Given information.
----------------------------------------
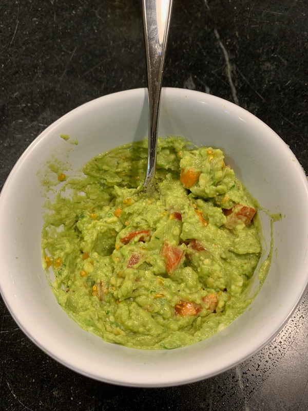 Mash the avocados in a large bowl. Dice the tomatoes and add them into the same bowl. Sprinkle in the cumin, onion powder, and red chili flakes. Add the minced garlic, cilantro, and lime juice. Mix well. Top it off with salt and pepper, to taste.
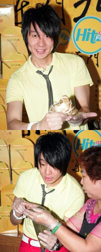 (马来西亚)身为本届金曲准男演唱之一的JJ林俊杰,新专辑歌曲《杀手》于“Hit Fm联播网”全球首播广受好评,因此在电台的安排下,林俊杰拜师学艺包金粽祈求好彩头,一听大家说包粽同音与“包中”相同外,包金粽的发音“包金雕”更意涵保证中意思,让台语有待加强的
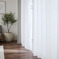 リネン85%ナチュラルなインテリアに合う大きな窓でも美しいシームレスレースカーテン
----------------------------------------
Only the lines from the one containing "(马来西亚)身为本届金曲准男" through the last line of the data above, both included, belong in the reply, each restated exactly and without pictures.

 (马来西亚)身为本届金曲准男演唱之一的JJ林俊杰,新专辑歌曲《杀手》于“Hit Fm联播网”全球首播广受好评,因此在电台的安排下,林俊杰拜师学艺包金粽祈求好彩头,一听大家说包粽同音与“包中”相同外,包金粽的发音“包金雕”更意涵保证中意思,让台语有待加强的
 リネン85%ナチュラルなインテリアに合う大きな窓でも美しいシームレスレースカーテン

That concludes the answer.